Stored data Block Start
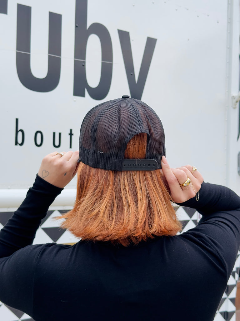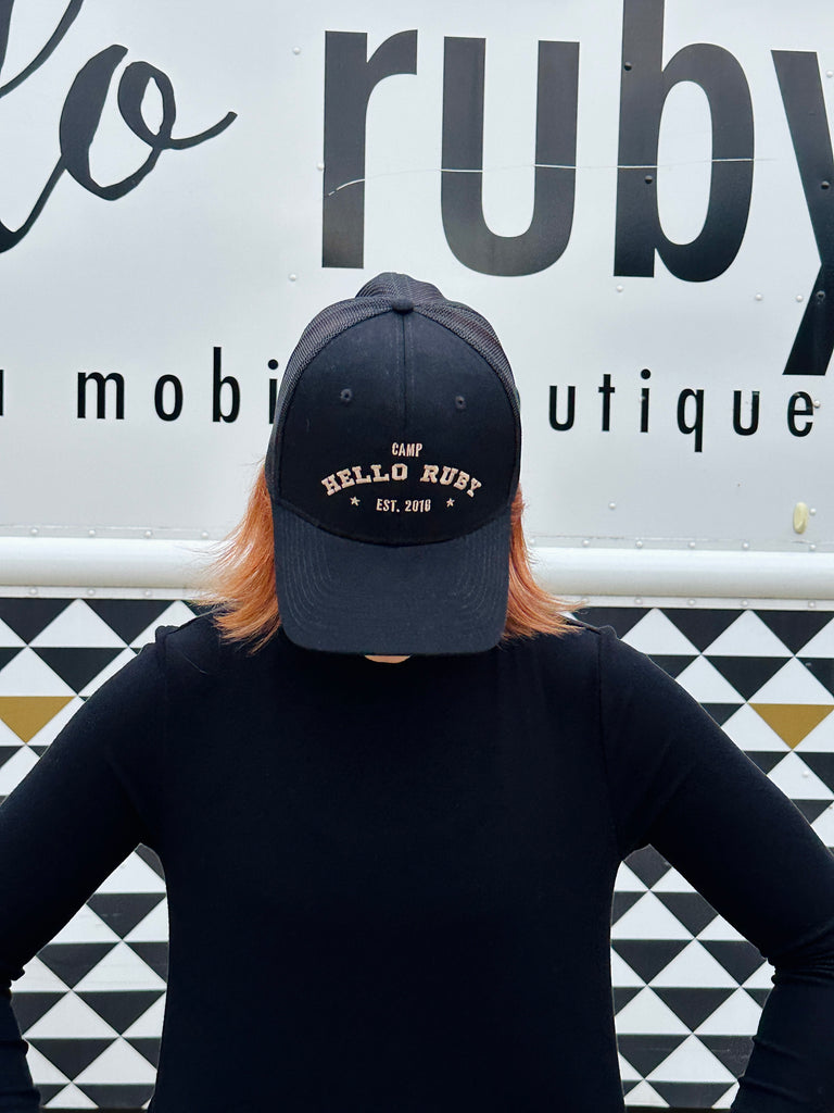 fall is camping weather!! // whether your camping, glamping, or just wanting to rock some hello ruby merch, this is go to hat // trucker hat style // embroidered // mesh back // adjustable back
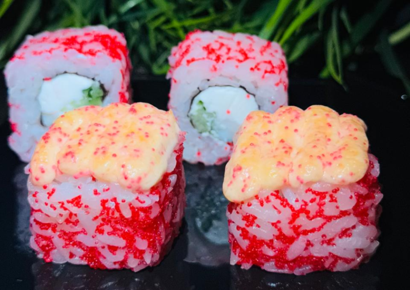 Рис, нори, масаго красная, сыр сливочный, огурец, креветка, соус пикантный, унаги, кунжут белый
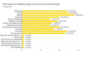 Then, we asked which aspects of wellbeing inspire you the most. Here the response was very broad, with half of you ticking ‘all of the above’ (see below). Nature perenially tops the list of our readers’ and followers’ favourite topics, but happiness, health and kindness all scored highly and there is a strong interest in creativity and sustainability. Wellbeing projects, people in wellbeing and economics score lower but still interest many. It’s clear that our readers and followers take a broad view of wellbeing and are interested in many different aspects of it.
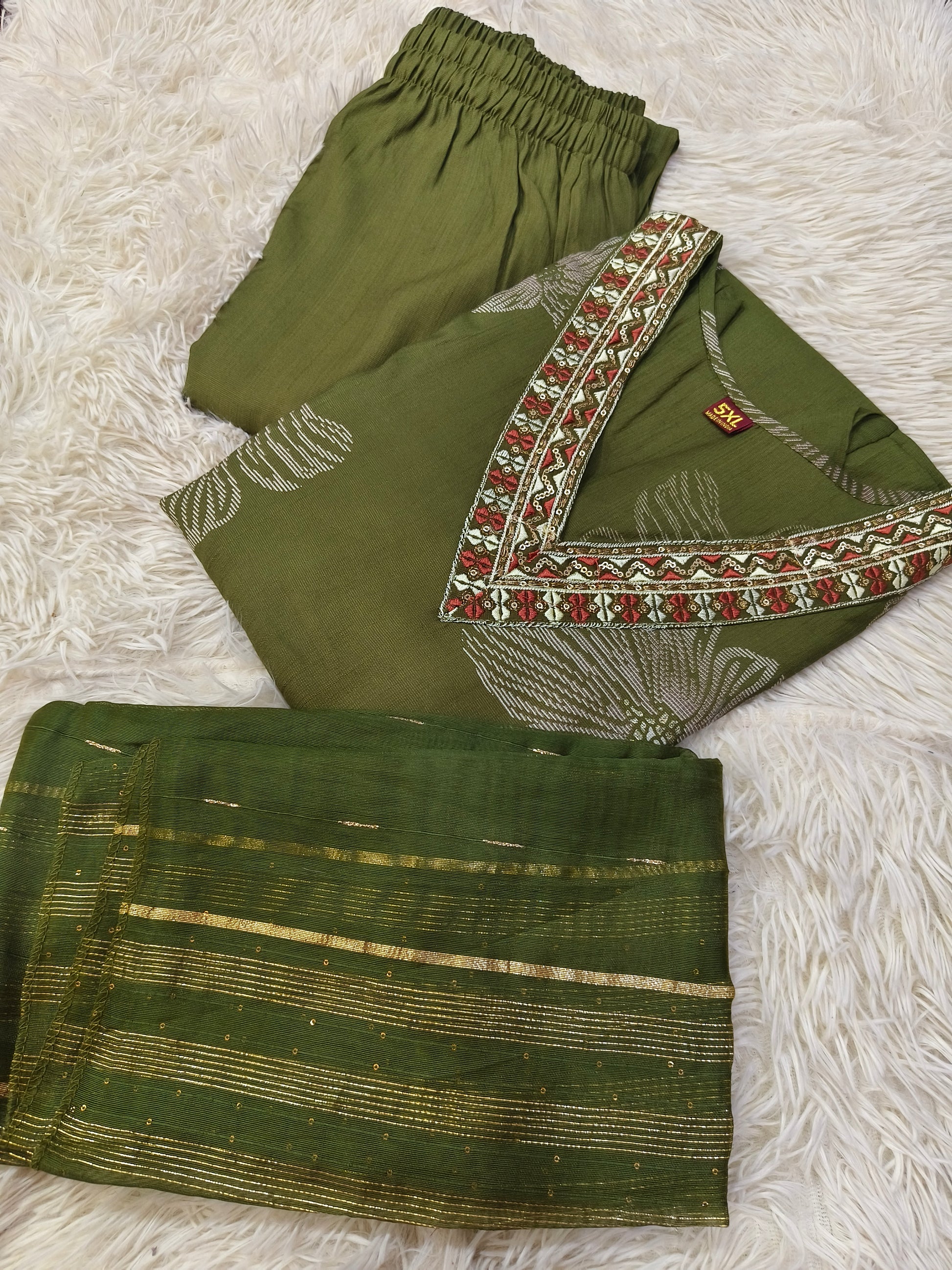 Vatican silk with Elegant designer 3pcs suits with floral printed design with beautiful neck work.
Stored data Block End
Stored data Block Start
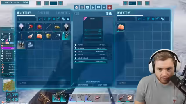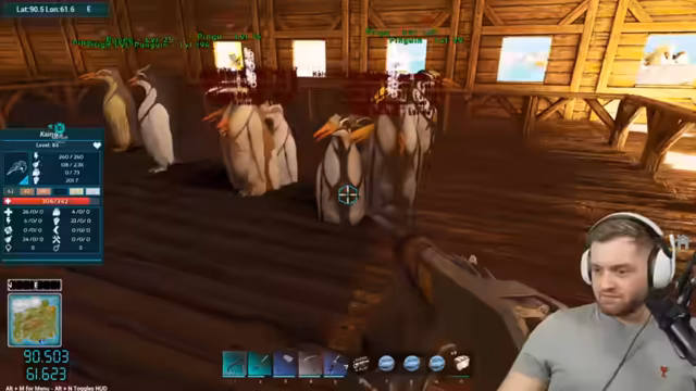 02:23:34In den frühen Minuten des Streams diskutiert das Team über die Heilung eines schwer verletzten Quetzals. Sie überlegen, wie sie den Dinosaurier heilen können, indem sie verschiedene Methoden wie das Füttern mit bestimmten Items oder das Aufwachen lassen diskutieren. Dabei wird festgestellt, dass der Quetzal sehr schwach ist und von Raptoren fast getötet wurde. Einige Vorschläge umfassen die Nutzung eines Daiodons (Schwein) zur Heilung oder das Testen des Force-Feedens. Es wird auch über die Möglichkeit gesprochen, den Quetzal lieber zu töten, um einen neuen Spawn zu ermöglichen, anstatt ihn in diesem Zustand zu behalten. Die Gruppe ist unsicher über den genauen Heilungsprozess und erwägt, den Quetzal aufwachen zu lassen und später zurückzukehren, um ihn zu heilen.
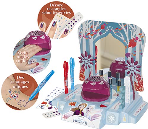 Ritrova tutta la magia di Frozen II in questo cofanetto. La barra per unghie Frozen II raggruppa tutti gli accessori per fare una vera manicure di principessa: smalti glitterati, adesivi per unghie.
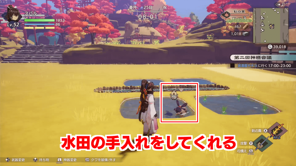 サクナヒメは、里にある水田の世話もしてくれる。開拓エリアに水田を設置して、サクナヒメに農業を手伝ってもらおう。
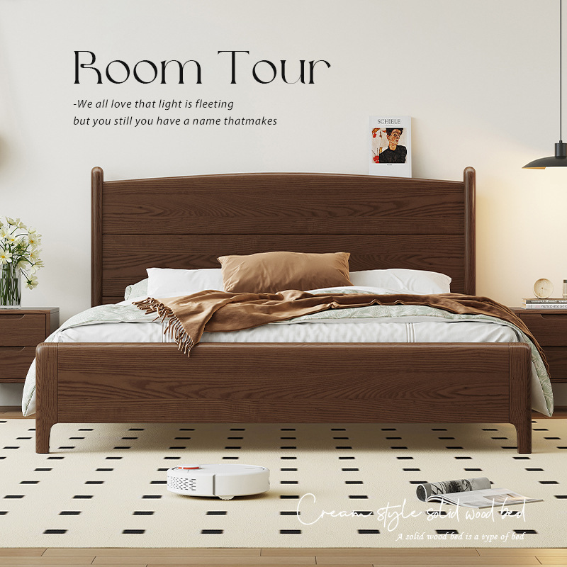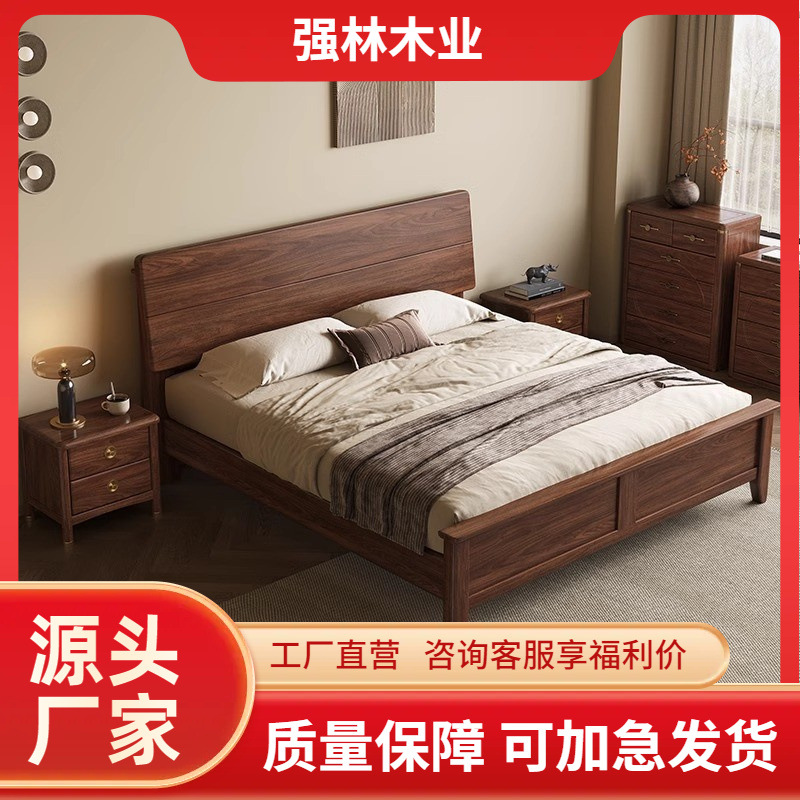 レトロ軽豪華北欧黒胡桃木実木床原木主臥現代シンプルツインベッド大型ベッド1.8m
Stored data Block End
(Assigned task):
Write down exactly what the lines above say, from the line holding "02:23:34In den frühen" through the line holding "レトロ軽豪華北欧黒胡桃木実木", and nothing more. Do not copy the pictures.

(Response area):
 02:23:34In den frühen Minuten des Streams diskutiert das Team über die Heilung eines schwer verletzten Quetzals. Sie überlegen, wie sie den Dinosaurier heilen können, indem sie verschiedene Methoden wie das Füttern mit bestimmten Items oder das Aufwachen lassen diskutieren. Dabei wird festgestellt, dass der Quetzal sehr schwach ist und von Raptoren fast getötet wurde. Einige Vorschläge umfassen die Nutzung eines Daiodons (Schwein) zur Heilung oder das Testen des Force-Feedens. Es wird auch über die Möglichkeit gesprochen, den Quetzal lieber zu töten, um einen neuen Spawn zu ermöglichen, anstatt ihn in diesem Zustand zu behalten. Die Gruppe ist unsicher über den genauen Heilungsprozess und erwägt, den Quetzal aufwachen zu lassen und später zurückzukehren, um ihn zu heilen.
 Ritrova tutta la magia di Frozen II in questo cofanetto. La barra per unghie Frozen II raggruppa tutti gli accessori per fare una vera manicure di principessa: smalti glitterati, adesivi per unghie.
 サクナヒメは、里にある水田の世話もしてくれる。開拓エリアに水田を設置して、サクナヒメに農業を手伝ってもらおう。
 レトロ軽豪華北欧黒胡桃木実木床原木主臥現代シンプルツインベッド大型ベッド1.8m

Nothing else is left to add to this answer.